Future scope and applications of the proposed SRAMs can potentially be in low/ultra-low voltage and medium frequency operation such as Biomedical Implants, Wireless Sensing, Mobile, Multimedia Gadgets, Neural signal processor, Low voltage cache operation etc. With the reduction in energy/power consumption and improvement in reliability, we hope that the proposed SRAM systems can be employed as embedded SRAM and would open the possibility of many new architectural options. Moreover, highly energy-constrained applications will also benefit from these memory-rich processor architectures.
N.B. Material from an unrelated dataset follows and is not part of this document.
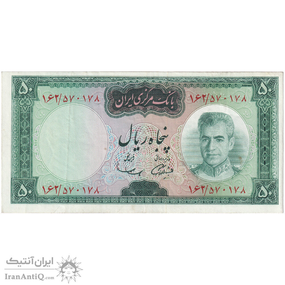 اسکناس 50 ریال (آموزگار - سمیعی) - تک - EF45 - محمد رضا شاه
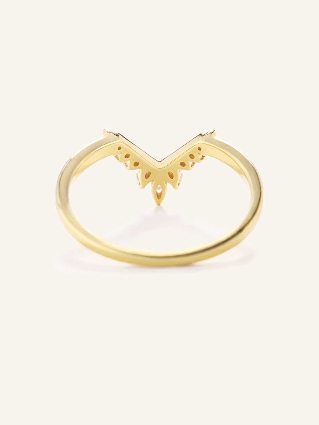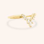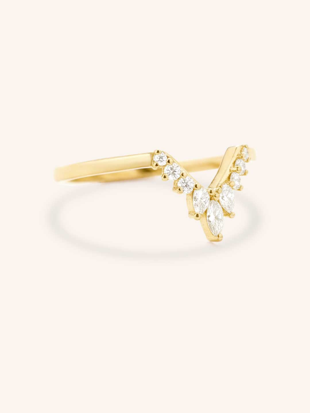 The Joni Marquise Diamond V Wedding Ring showcases a striking V-shaped band adorned with multiple marquise diamonds, creating a captivating, elongated look. The design’s sharp angles and radiant diamonds come together to form a unique and modern wedding band. This sophisticated piece is perfect for those seeking a contemporary yet timeless ring to symbolize their love and commitment.

However, considering new techniques to overcome reliability issues have been limited solely to single device level or circuit level. However, as CMOS scaling continues, we believe there is a need for a new design paradigm device/circuit co-design methodology leading to properly optimized circuits and systems considering new device innovations.

The capacity of the 1kb SRAM array designed in this thesis is not enough for all digital systems, especially for some signal processing or data collection systems. Therefore, the design of sub-threshold SRAM macro with larger memory capacity is also an interesting work. Although some novel single-ended and differential SRAM designs are proposed, further possibilities exist to find mind breaking ideas for other circuit topologies. Also, asymmetric SRAMs could be useful to improve performance of ultra-low power SRAMs. The SRAM design will be fabricated in the future, and targeted applications of the proposed ultra-low-power SRAM designs are low-power biomedical and space applications. Therefore, the designed sub-threshold SRAM is targeted to be integrated in digital systems which inevitably involve sub-threshold microprocessors. Hence the design and fabrication of a sub-threshold microprocessor is one of the main research topics following sub-threshold SRAM design. Working on new techniques to enable circuits operating at ultra-low supply voltages less than 200mV for biomedical applications is one of the most important goals for future research. Furthermore, due to aggressive transistor scaling, process variation effects are unfortunately increased. As a result digital design in such a low voltage (e.g. 200mV) in the presence of huge process variations (Random dopant fluctuation) is an interesting challenge.

The continuous advancement in technology, the density of embedded SRAM has grown substantially and become the main consumer of power of a system-on-chips (SoC). Therefore the future course of action involves effective reduction of leakage in SRAM with a collaboration of research in device physics and an integrated circuit design methodology.

Achieving new methods to optimize memory arrays is one of the most important challenges in electronic design. Recently presented memory designs such as Spin Torque Transfer RAM (STT-RAM), Phase change etc. shows promising potential to improve the area of memory arrays, speed, and power consumption.